BRIEF | Every line below from the one with "Tenslotte kan je" through the one with "Unsere Designs sind" should be retyped exactly, both ends included; no other lines and no pictures.

DATA FOR THE TASK |
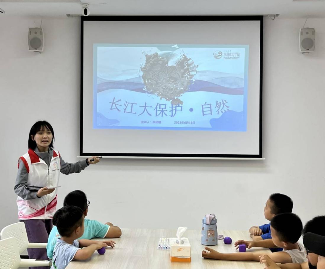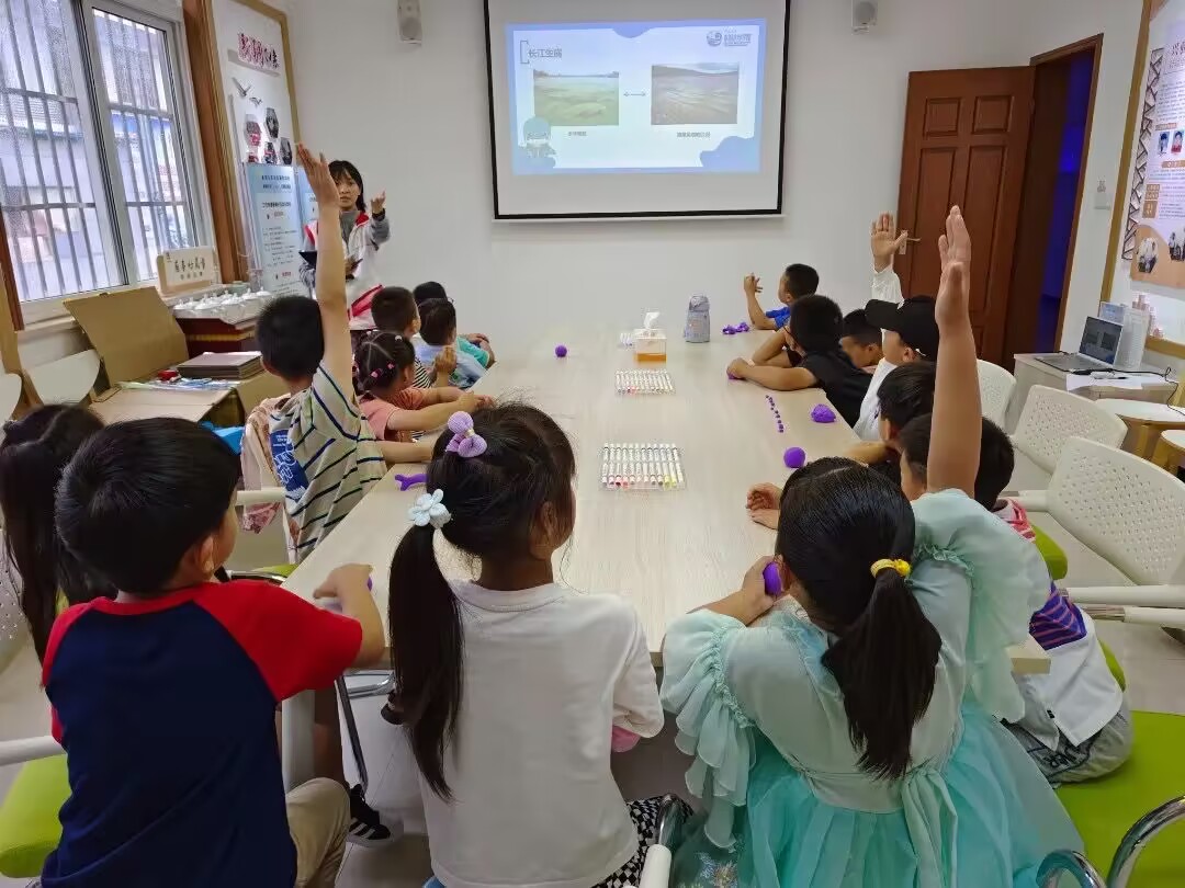 实践团成员结合丰富的PPT,通过生动的语言介绍了讲解长江大保护对于栖息动物的重要性、长江大保护治理前后的情况变化、长江大保护中“水污染治理”与“水林田湖一体化”两项基于自然环境情况的处理办法,最后教育小朋友惜水、护水、爱水,培养其生态保护意识。小朋友们积极回答宣讲人的提问,展现出对长江的好奇与保护长江的热情。
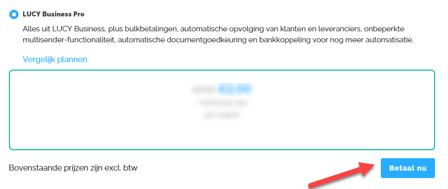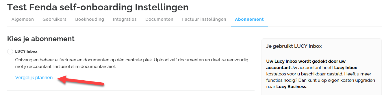 Tenslotte kan je onder tab 'Abonnement' jouw Lucy plan uitkiezen. De verschillende Lucy abonnementen zijn de volgende: Lucy Inbox (niet beschikbaar via Self-onboarding), Lucy Facturatie, Lucy Business & Lucy Business Pro.
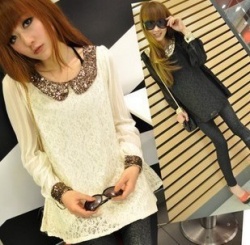 春装蕾丝衫 娃娃领 韩版女装宽松亮片长袖打底衫雪纺衫
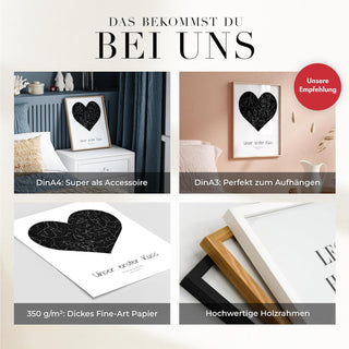 Unsere Designs sind modern, clean und gleichzeitig warm und einladend – perfekt, um deinem Zuhause Charakter zu geben oder jemandem ein einzigartiges Geschenk zu machen. Ob für Hochzeiten, Geburtstage oder einfach als kleines „Danke“ zwischendurch: Unsere Prints berühren Herzen und bleiben unvergesslich.
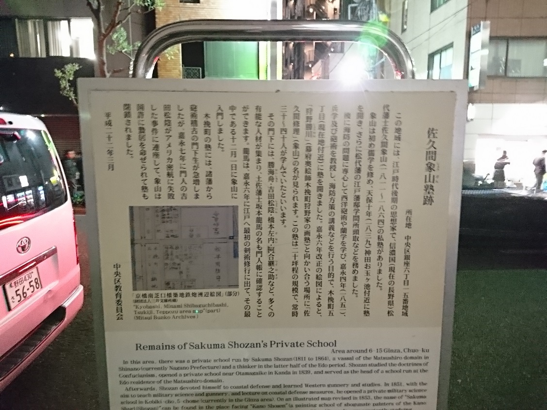 中央区銀座6丁目の歩道に佐久間象山塾跡の説明板が立っています。江戸時代後期の信濃国松代藩士で思想家だった佐久間象山が嘉永4年(1851年)に開いた佐久間象山塾が建っていた場所です。佐久間象山塾には勝海舟、吉田松陰、橋本左内など多くの有能な人材が集まったそうです。興味のある方には訪問をおすすめします。

RESPONSE AREA |
 Tenslotte kan je onder tab 'Abonnement' jouw Lucy plan uitkiezen. De verschillende Lucy abonnementen zijn de volgende: Lucy Inbox (niet beschikbaar via Self-onboarding), Lucy Facturatie, Lucy Business & Lucy Business Pro.
 春装蕾丝衫 娃娃领 韩版女装宽松亮片长袖打底衫雪纺衫
 Unsere Designs sind modern, clean und gleichzeitig warm und einladend – perfekt, um deinem Zuhause Charakter zu geben oder jemandem ein einzigartiges Geschenk zu machen. Ob für Hochzeiten, Geburtstage oder einfach als kleines „Danke“ zwischendurch: Unsere Prints berühren Herzen und bleiben unvergesslich.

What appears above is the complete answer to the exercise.